Domaine Arnoux-Lachaux has been in Vosne-Romanée since 1858. Charles Lachaux, the sixth generation of his family, has run it since 2012, alongside a separate label under his own name. He farms biodynamically, toward a single end: wine that tastes of its site and little else. The vines grow tall and untrimmed through the season, the rows are worked by horse, and pruning follows the natural flow of the sap. Fermentation proceeds with whole clusters and indigenous yeasts, maceration is brief, and pressing is vertical and gentle. With 2022, Charles retired oak from the cellar entirely, aging every wine in Clayver — the neutral sandstone vessels that breathe without contributing flavor — so that site, not cooperage, sets the character of each wine. He has said he wants Arnoux-Lachaux to stand beside Leroy, and his methods make clear that he means it.
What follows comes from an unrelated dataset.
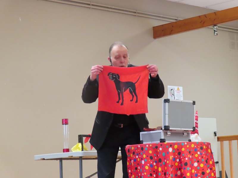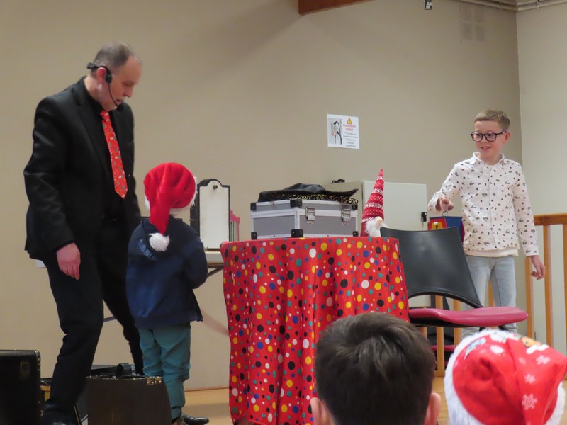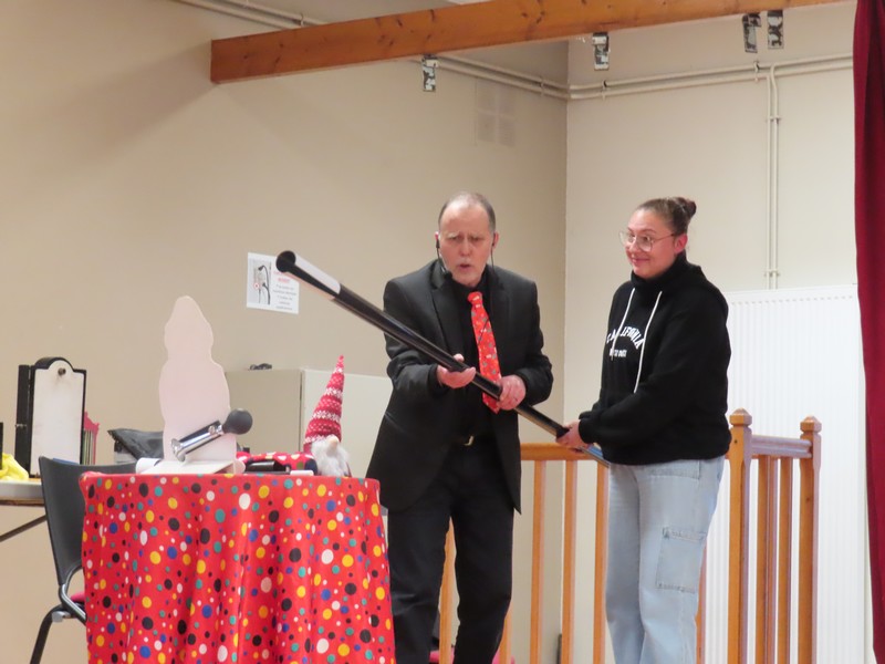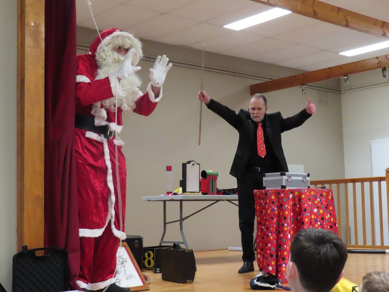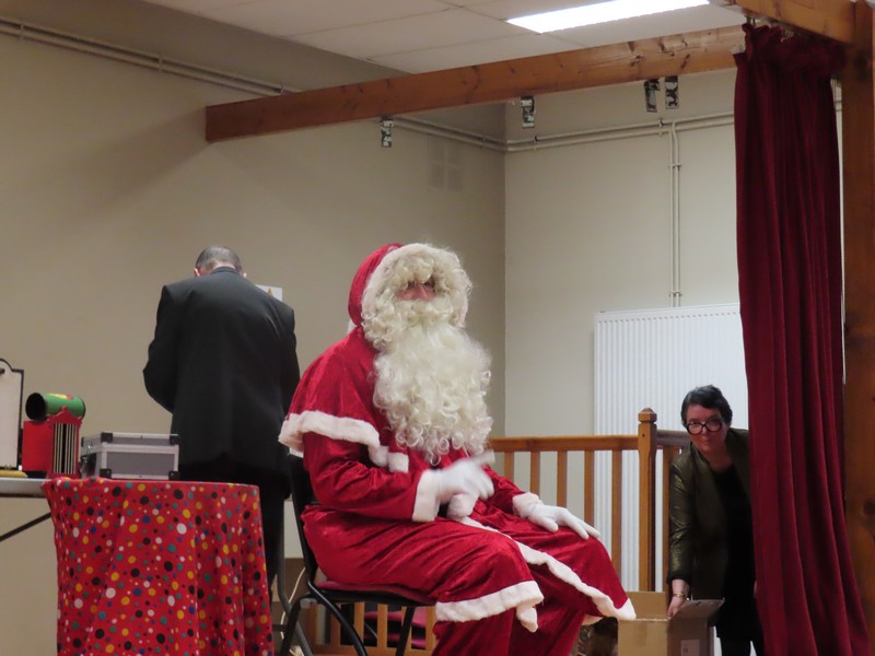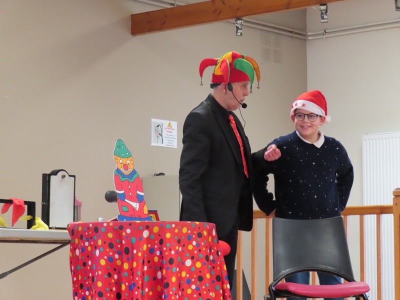 Mais le bonhomme en rouge et blanc se faisait toujours attendre et le spectacle s’est poursuivi avec le magicien invité par l’APE pour distraire les petits et même les grands au gré de ses facéties autant que par ses petits tours de magie, en les interpellant dans la salle ou en les invitant sur scène, jusqu’à un dernier tour de prestidigitation pour faire enfin apparaître le Père Noël. La distribution des cadeaux pouvait commencer tandis que les enfants retrouvaient leurs familles pour partager un morceau de gâteau et boire un chocolat chaud préparés par les parents d’élèves.

This village Nuits gathers seven parcels in the northern stretch of the appellation, the side that runs up against Vosne-Romanée, from vines averaging around fifty years. At this end of the appellation the boundary with Vosne-Romanée is close, and the wine carries something of both: the perfume of one, the grip of the other.
It opens with a darker cast: blackberry and black cherry, a savory note of iron and crushed stone, a touch of dried violet. The tannins have more pull here, fine-grained but present, and the wine should drink well from 2026 through 2032.